**Exercise objective**
All the lines below need to be output exactly, apart from any images.

**Dataset extract**
=== Begin Enclosure ===

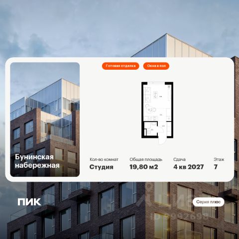 Продаётся квартира-студия площадью 20,4 кв.м на 13 этаже 16 этажного дома (Корпус 2.6/1.2, Секция 2) проекта ПИК Бунинская набережная. Светлый просторный подъезд на уровне земли, функциональная планировка, большие окна, предчистовая отделка. Удобное расположение: 18 минут пешком от м. "Потапово" и 12 минут на автомобиле до станции "Бунинская аллея". 12 минут на автомобиле до трассы Солнцево — Бутово — Варшавское шоссе. 20 минут на автомобиле до МКАД и Калужского шоссе. 1520 минут езды до живописных парков: "Бутовский лесопарк", заказник "Южное Бутово". Особенности проекта Камерный квартал в Новой Москве, на берегу Ивановского пруда. Одна из ключевых особенностей проекта — квартиры с панорамным видом на воду. Архитекторы вдохновились локацией проекта: природные оттенки и активная пластика корпусов напоминают рельефные выступы на берегу, а окна отражают водную гладь, визуально объединяя дома с природой. Преимущества проекта Светлые и просторные лобби с зонами ожидания. Подземный паркинг. Набережная и пешеходная аллея для прогулок. Парк на склоне с игровой зоной. Готовая инфраструктура района: 3 школы, 6 детских садов, взрослая и детская поликлиники. Артикул 968752
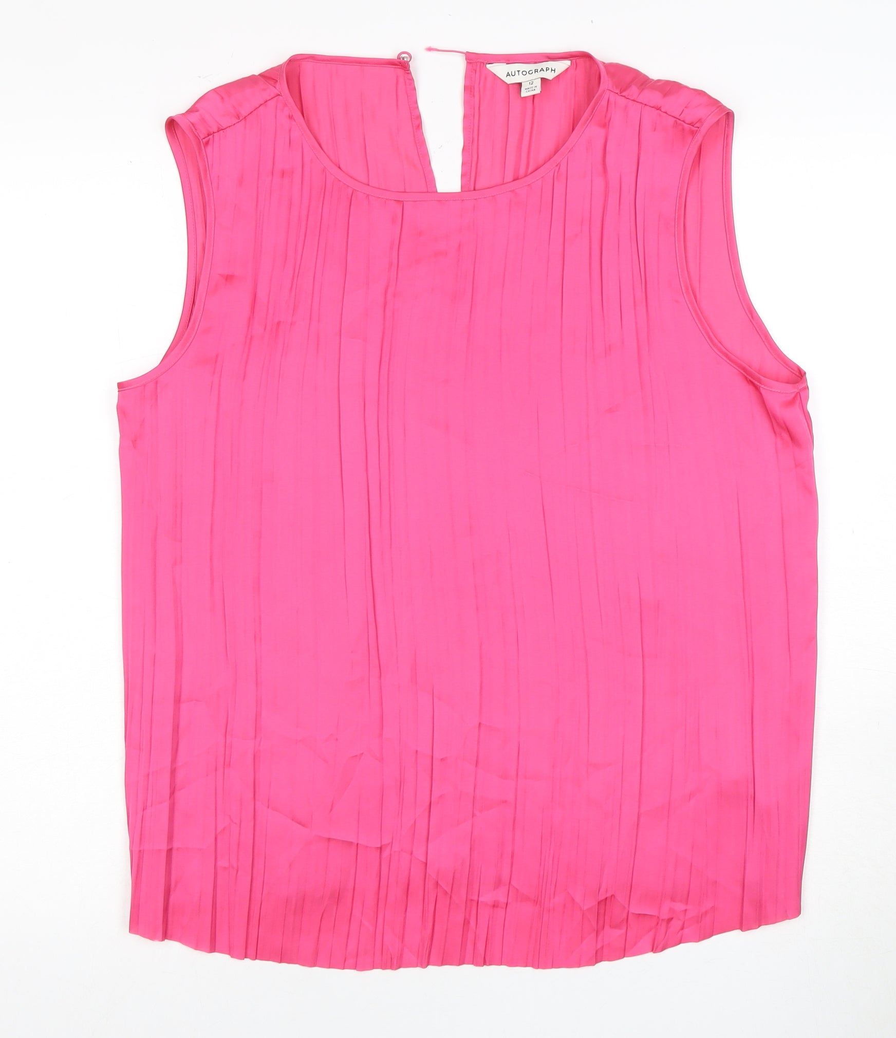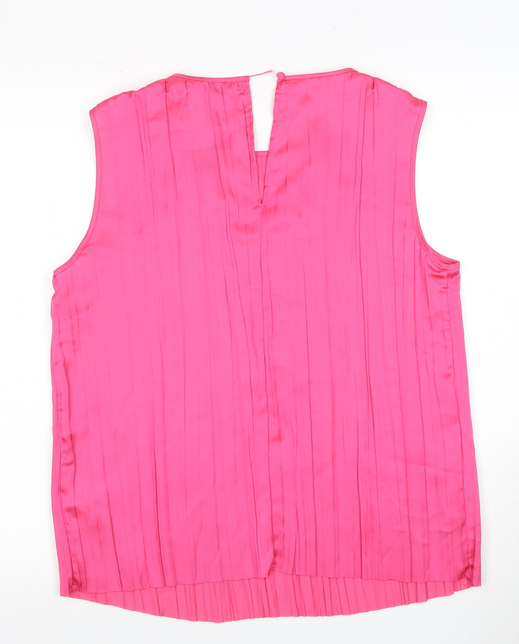 Add a pop of colour to your wardrobe with this vibrant pink sleeveless blouse from Marks and Spencer. Tailored for women, this regular-fit blouse is made completely from high-quality polyester, ensuring both comfort and style. The design features a round neckline and a subtle button closure at the back, giving it a sleek and modern look perfect for casual occasions.Crafted to perfection, this blouse boasts a fine pleated texture that adds an elegant flair, enhancing its overall appearance. It's easy to care for, being machine washable, thus offering both convenience and style for your day-to-day attire. Whether you're heading out for a casual brunch or looking for a chic outfit for a day at the office, this blouse pairs well with both jeans and skirts. Despite being pre-owned, it is in excellent condition with no visible flaws, ensuring you get a quality garment at a fraction of the price.Explore versatile styling possibilities with this Marks and Spencer blouse to keep your wardrobe up-to-date and fashion-forward.
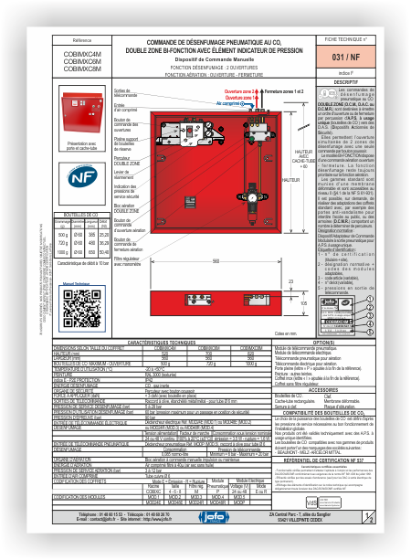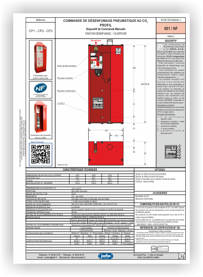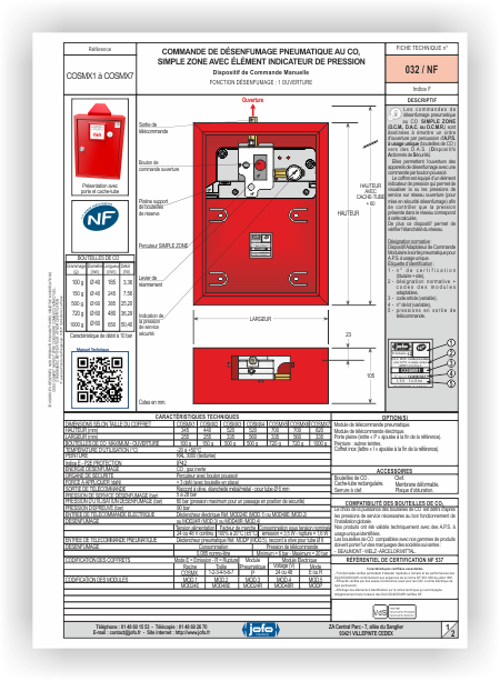 Référence Description 001/NF PROFIL 017/NF COMPACT 018/NF MULTIZONES 019/NF BI-ZONES 025/NF MONO ZONE 027/NF PROFIL X 028/NF BI-ZONES avec Éléments Indicateurs de Pression 029/NF BI-ZONES BI-FONCTION avec Éléments Indicateurs de Pression 030/NF DOUBLE ZONE avec Éléments Indicateurs de Pression 031/NF DOUBLE ZONE BI-FONCTION avec Éléments Indicateurs de Pression 032/NF SIMPLE ZONE avec Élément Indicateur de Pression 033/NF SIMPLE ZONE BI-FONCTION avec Élément Indicateur de Pression 034/NF MONO ZONE avec Élément Indicateur de Pression 035/NF MONO ZONE BI-FONCTION avec Élément Indicateur de Pression T2000 Commandes de désenfumage pneumatique au CO2 T2039 Bouteilles de CO2 rechargeables constructeur à usage unique - température de fonctionnement 50°C maxi. T2131 Module de télécommande pneumatique T2132 Module de télécommande électrique T2168 Commande de désenfumage pneumatique au CO2 MultiZones - 1 BI-ZONES + 1 SIMPLE ZONE T2173 Commande de désenfumage pneumatique au CO2 MultiZones - 1 BI-ZONES + 1 SIMPLE ZONE avec Éléments Indicateurs de Pression T2174 Pièces détachées pour commande de désenfumage pneumatique au CO2

=== End Enclosure ===

**Task solution**
 Продаётся квартира-студия площадью 20,4 кв.м на 13 этаже 16 этажного дома (Корпус 2.6/1.2, Секция 2) проекта ПИК Бунинская набережная. Светлый просторный подъезд на уровне земли, функциональная планировка, большие окна, предчистовая отделка. Удобное расположение: 18 минут пешком от м. "Потапово" и 12 минут на автомобиле до станции "Бунинская аллея". 12 минут на автомобиле до трассы Солнцево — Бутово — Варшавское шоссе. 20 минут на автомобиле до МКАД и Калужского шоссе. 1520 минут езды до живописных парков: "Бутовский лесопарк", заказник "Южное Бутово". Особенности проекта Камерный квартал в Новой Москве, на берегу Ивановского пруда. Одна из ключевых особенностей проекта — квартиры с панорамным видом на воду. Архитекторы вдохновились локацией проекта: природные оттенки и активная пластика корпусов напоминают рельефные выступы на берегу, а окна отражают водную гладь, визуально объединяя дома с природой. Преимущества проекта Светлые и просторные лобби с зонами ожидания. Подземный паркинг. Набережная и пешеходная аллея для прогулок. Парк на склоне с игровой зоной. Готовая инфраструктура района: 3 школы, 6 детских садов, взрослая и детская поликлиники. Артикул 968752
 Add a pop of colour to your wardrobe with this vibrant pink sleeveless blouse from Marks and Spencer. Tailored for women, this regular-fit blouse is made completely from high-quality polyester, ensuring both comfort and style. The design features a round neckline and a subtle button closure at the back, giving it a sleek and modern look perfect for casual occasions.Crafted to perfection, this blouse boasts a fine pleated texture that adds an elegant flair, enhancing its overall appearance. It's easy to care for, being machine washable, thus offering both convenience and style for your day-to-day attire. Whether you're heading out for a casual brunch or looking for a chic outfit for a day at the office, this blouse pairs well with both jeans and skirts. Despite being pre-owned, it is in excellent condition with no visible flaws, ensuring you get a quality garment at a fraction of the price.Explore versatile styling possibilities with this Marks and Spencer blouse to keep your wardrobe up-to-date and fashion-forward.
 Référence Description 001/NF PROFIL 017/NF COMPACT 018/NF MULTIZONES 019/NF BI-ZONES 025/NF MONO ZONE 027/NF PROFIL X 028/NF BI-ZONES avec Éléments Indicateurs de Pression 029/NF BI-ZONES BI-FONCTION avec Éléments Indicateurs de Pression 030/NF DOUBLE ZONE avec Éléments Indicateurs de Pression 031/NF DOUBLE ZONE BI-FONCTION avec Éléments Indicateurs de Pression 032/NF SIMPLE ZONE avec Élément Indicateur de Pression 033/NF SIMPLE ZONE BI-FONCTION avec Élément Indicateur de Pression 034/NF MONO ZONE avec Élément Indicateur de Pression 035/NF MONO ZONE BI-FONCTION avec Élément Indicateur de Pression T2000 Commandes de désenfumage pneumatique au CO2 T2039 Bouteilles de CO2 rechargeables constructeur à usage unique - température de fonctionnement 50°C maxi. T2131 Module de télécommande pneumatique T2132 Module de télécommande électrique T2168 Commande de désenfumage pneumatique au CO2 MultiZones - 1 BI-ZONES + 1 SIMPLE ZONE T2173 Commande de désenfumage pneumatique au CO2 MultiZones - 1 BI-ZONES + 1 SIMPLE ZONE avec Éléments Indicateurs de Pression T2174 Pièces détachées pour commande de désenfumage pneumatique au CO2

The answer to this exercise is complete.